DATASET EXCERPTS below:

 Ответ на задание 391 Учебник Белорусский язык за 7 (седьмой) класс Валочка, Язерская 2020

End of DATASET EXCERPTS.
DATASET EXCERPTS below:

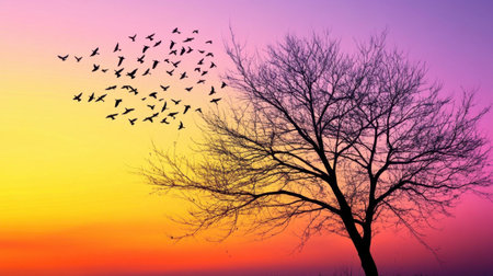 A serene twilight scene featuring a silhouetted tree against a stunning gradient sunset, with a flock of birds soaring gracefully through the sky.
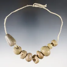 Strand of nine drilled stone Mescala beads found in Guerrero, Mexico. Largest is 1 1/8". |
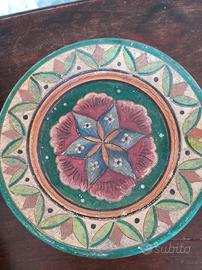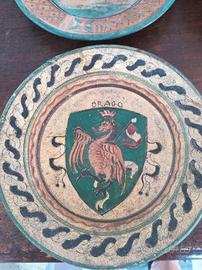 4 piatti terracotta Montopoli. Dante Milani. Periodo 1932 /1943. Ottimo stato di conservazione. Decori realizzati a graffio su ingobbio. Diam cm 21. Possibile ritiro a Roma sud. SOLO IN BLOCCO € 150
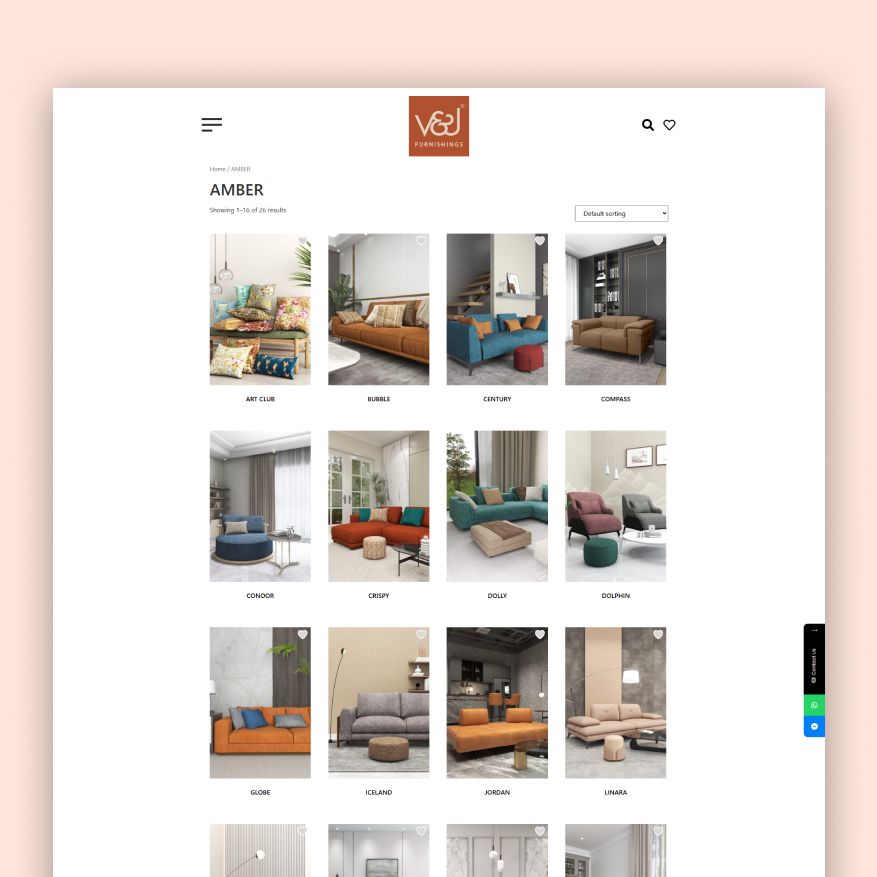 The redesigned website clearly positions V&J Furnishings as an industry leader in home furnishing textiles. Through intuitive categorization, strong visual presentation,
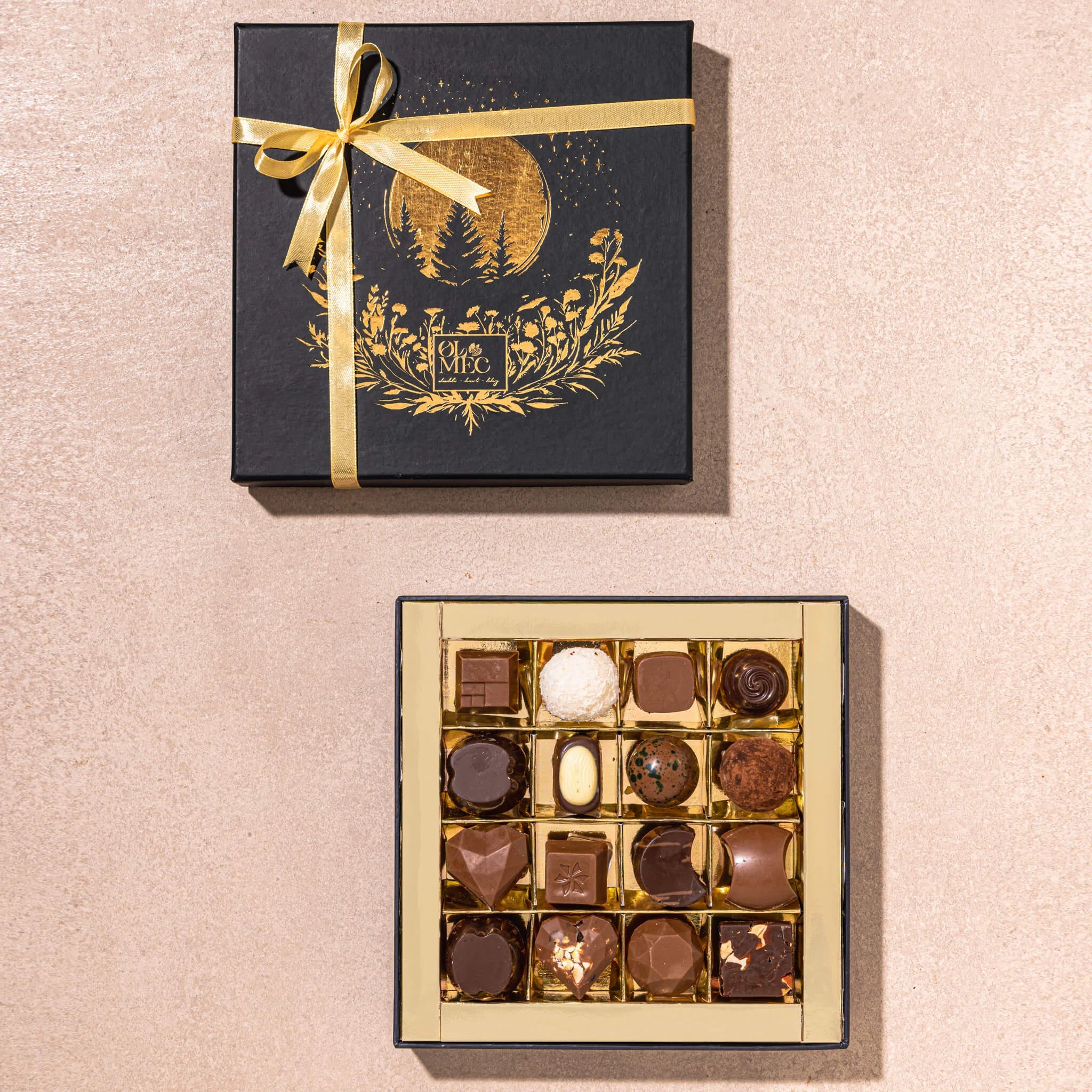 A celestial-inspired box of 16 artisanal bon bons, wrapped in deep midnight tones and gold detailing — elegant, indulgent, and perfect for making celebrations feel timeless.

End of DATASET EXCERPTS.

» TASK DETAILS:
Taking the material above, give again exactly the lines from the one holding "A serene twilight" through the one holding "A celestial-inspired box", with both ends and without pictures.

» THE COMPLETED TASK:
 A serene twilight scene featuring a silhouetted tree against a stunning gradient sunset, with a flock of birds soaring gracefully through the sky.
 Strand of nine drilled stone Mescala beads found in Guerrero, Mexico. Largest is 1 1/8". |
 4 piatti terracotta Montopoli. Dante Milani. Periodo 1932 /1943. Ottimo stato di conservazione. Decori realizzati a graffio su ingobbio. Diam cm 21. Possibile ritiro a Roma sud. SOLO IN BLOCCO € 150
 The redesigned website clearly positions V&J Furnishings as an industry leader in home furnishing textiles. Through intuitive categorization, strong visual presentation,
 A celestial-inspired box of 16 artisanal bon bons, wrapped in deep midnight tones and gold detailing — elegant, indulgent, and perfect for making celebrations feel timeless.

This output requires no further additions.